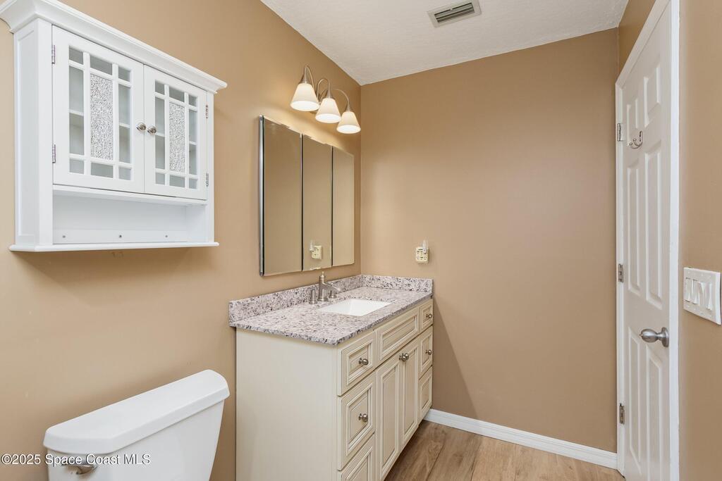 3b/2b Melbourne home w/2-car garage welcomes you into a front family room w/high ceilings that set an open, welcoming first impression. Kitchen sits just off family room & garage entry and is filled w/natural light from skylights. Designed for real use, it features soft-close drawers, pull-out shelving, built-in wine rack, a floor-level vacuum system & a bar counter that opens to the dining space -- perfect for casual meals or conversation while cooking. Enclosed patio extends the living space & includes floor-to-ceiling storage along one wall, ideal for hobbies or extra organization. Primary suite is privately located off family room w/patio access, step-in shower, large walk-in closet & view of fully fenced backyard. Two spare bedrooms share a full bath w/tub/shower combo & one offers a built-in Murphy bed. Out back, a patio creates space for grilling, relaxing or soaking up the sun. Ceiling fans throughout add comfort. Schedule your showing & see how this home fits your next chapter
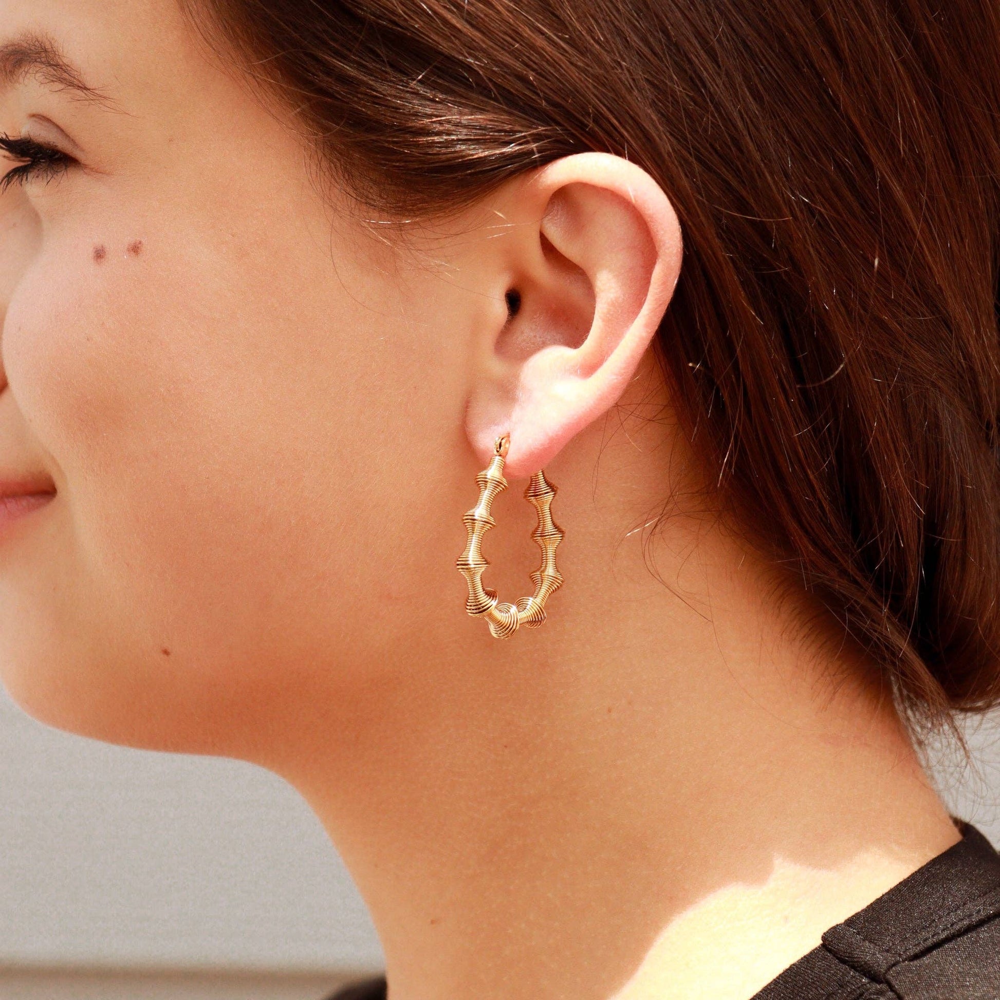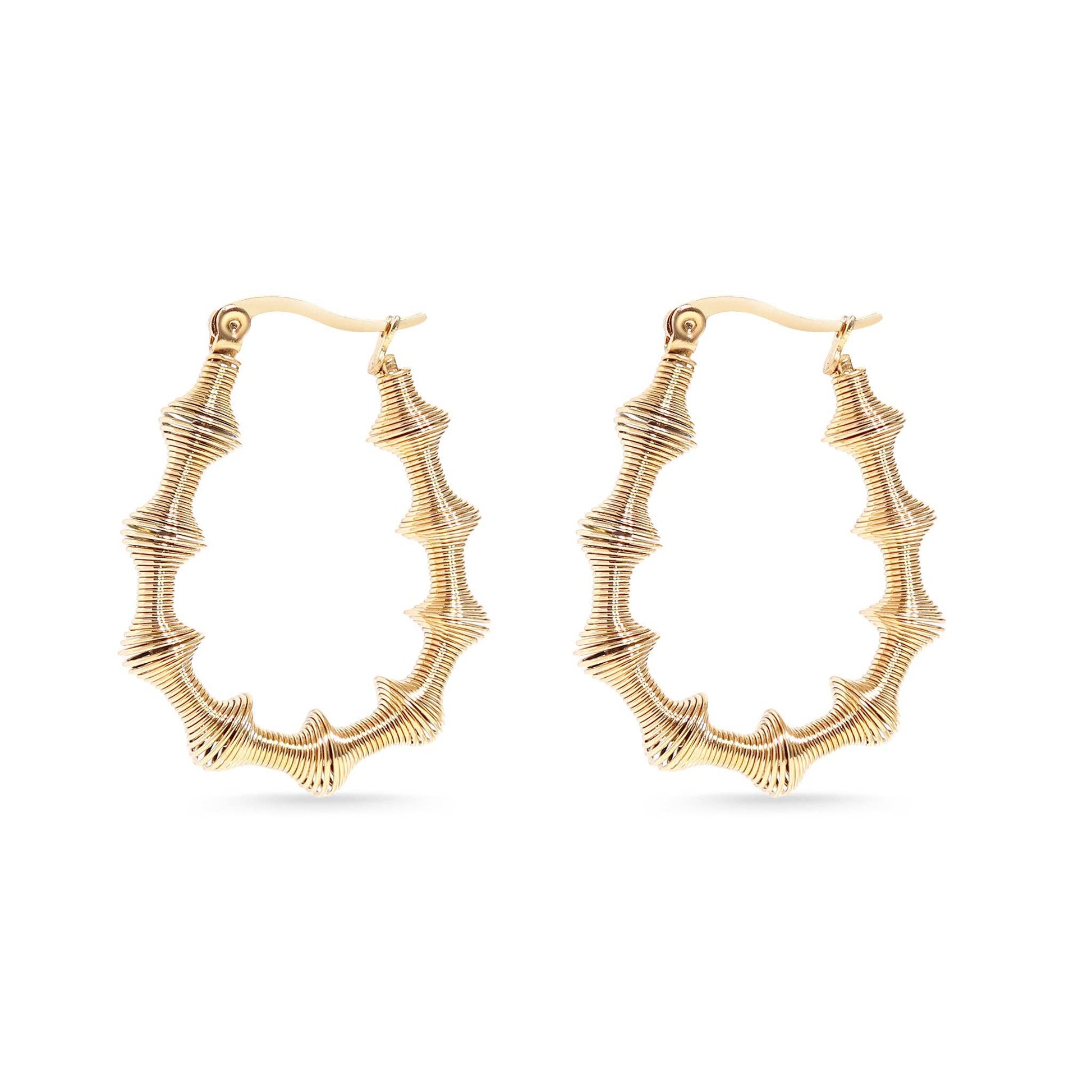 Make a bold statement with these 18K Gold PVD Wired Hoop Earrings, crafted from hypoallergenic 316L surgical steel for everyday elegance. The textured design strikes a perfect balance between refined simplicity and eye-catching dimension, transitioning seamlessly from day to evening. At just 6.5 grams, they're feather-light for all-day comfort. The advanced PVD coating ensures a lustrous, non-tarnish finish that resists discoloration and water damage, making them a durable investment piece. Dimensions: 25mm x 35mm, 3mm width.
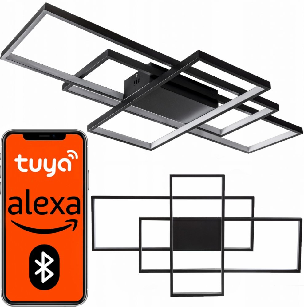 Stmívatelné stropní svítidlo ovládané dálkovým ovladačem, aplikací TUYA SMART a AMAZON ALEXA Tato moderní lampa geometrického tvaru je interiérovou dekorací. Univerzální a nadčasový charakter lampy se hodí do každého typu místnosti, ať už jde o domácnosti, kavárny, kanceláře nebo hotely. Kolekce svítidel vyrobená z vysoce kvalitních materiálů. Napájecí napětí: 175-265V AC CCD - BEZ BLIKACÍHO EFEKTUMaximální spotřeba energie: integrované LED diody s celkovým výkonem 178WVestavěná technologie Bluetooth,Ovládání prostřednictvím aplikace Tuya SMART, Amazon AlexaBezplatné dálkové ovládání na vzdálenost 0,5-1mSvětelný tok lampy (max.): 14240lmBarva světla: teplá, neutrální, studenáCRI [Ra]: >80Třída ochrany: 1: OCHRANA: IP20 Moderní, univerzální tvar vhodný do každé místnosti Pečlivé zpracování svítidel, práškově lakované díly Možnost ovládání pomocí aplikace Možnost změny barvy světla pomocí aplikace Nastavitelný světelný výkonRozsah ovládání dálkového ovladače je dán tím, že ovladač je uzavřen uvnitř lampy, aby byl neviditelný.Svítidlo se ovládá pomocí aplikace a nástěnného vypínače

- [Your goal] Nothing but the lines from the beginning of the material above through the line containing "Make a bold" should appear in the answer, copied exactly and free of pictures.

- [Task result]
 3b/2b Melbourne home w/2-car garage welcomes you into a front family room w/high ceilings that set an open, welcoming first impression. Kitchen sits just off family room & garage entry and is filled w/natural light from skylights. Designed for real use, it features soft-close drawers, pull-out shelving, built-in wine rack, a floor-level vacuum system & a bar counter that opens to the dining space -- perfect for casual meals or conversation while cooking. Enclosed patio extends the living space & includes floor-to-ceiling storage along one wall, ideal for hobbies or extra organization. Primary suite is privately located off family room w/patio access, step-in shower, large walk-in closet & view of fully fenced backyard. Two spare bedrooms share a full bath w/tub/shower combo & one offers a built-in Murphy bed. Out back, a patio creates space for grilling, relaxing or soaking up the sun. Ceiling fans throughout add comfort. Schedule your showing & see how this home fits your next chapter
 Make a bold statement with these 18K Gold PVD Wired Hoop Earrings, crafted from hypoallergenic 316L surgical steel for everyday elegance. The textured design strikes a perfect balance between refined simplicity and eye-catching dimension, transitioning seamlessly from day to evening. At just 6.5 grams, they're feather-light for all-day comfort. The advanced PVD coating ensures a lustrous, non-tarnish finish that resists discoloration and water damage, making them a durable investment piece. Dimensions: 25mm x 35mm, 3mm width.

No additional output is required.